Systematic Analysis of the Clinical Relevance of Cell Division Cycle Associated Family in Endometrial Carcinoma

J Cancer. 2020 Jul 20;11(19):5588-5600. doi: 10.7150/jca.46324. eCollection 2020.

Abstract

Background: Endometrial carcinoma (EC) is the most common cancer of female reproductive system, thus requiring for new effective biomarkers which could predict the onset of EC and worse prognosis. Cell Division Cycle Associated (CDCA) family plays indispensable roles in cell cycle process. However, no study has been focused on the role of CDCAs in EC. Our study aims to investigate the clinical relevance, potential biologic functions and molecular mechanisms of CDCAs in EC. Methods: GEPIA, cBioPortal, GeneMANIA, Networkanalyst, TCGA-UCEC cohort were utilized in this study. Results: NUF2 and CDCA2/3/4/5/7/8 were significantly highly expressed in EC compared with normal tissues. The patients with high NUF2 and CDCA2/3/4/5/8 expression tended to develop to advanced FIGO stages, poor differentiation and worse prognosis(in both OS and RFS analyses) than those with low expression.
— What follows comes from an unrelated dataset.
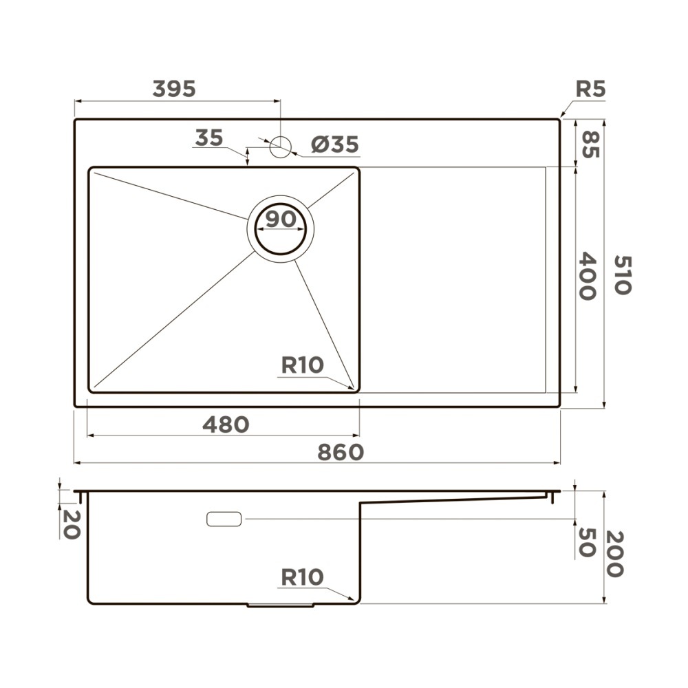 Кухонные мойки OMOIKIRI изготовлены из высококачественной хромоникелевой нержавеющей стали SUS304. Она содержит 18% хрома и 8% никеля, что обеспечивает ее максимальную защиту от коррозии. Самый важный показатель у мойки из нержавеющей стали – толщина стали, ведь чем она толще, тем более твердой, надежной и долговечной будет мойка. Для качественной мойки лучше выбирать толщину выше 0,6 мм. Мойки бренда OMOIKIRI имеют толщину от 0,7 до 1,2 мм.

By contrast, elevated CDCA7 was significantly associated with better prognosis. CBX2 exerted no significant prognostic impact on EC patients. Distinct patterns of the genetic alterations of CDCAs were observed in various histological subtypes of EC. The biological functions of NUF2 and CDCA2/3/4/5/8 were mainly related with the activation of the following pathway: cell cycle, DNA replication, base excision repair, mismatch repair, nucleotide excision repair, cellular senescence and p53 signaling pathway. Conclusions: Our study provides new insight into the onset and progression of EC and proposes NUF2 and CDCA2/3/4/5/8 could act as oncogenes and have shown great diagnostic and prognostic promise in improving EC patient detection and survival prediction with accuracy.

Keywords: CDCA; TCGA; endometrial carcinoma; prognosis.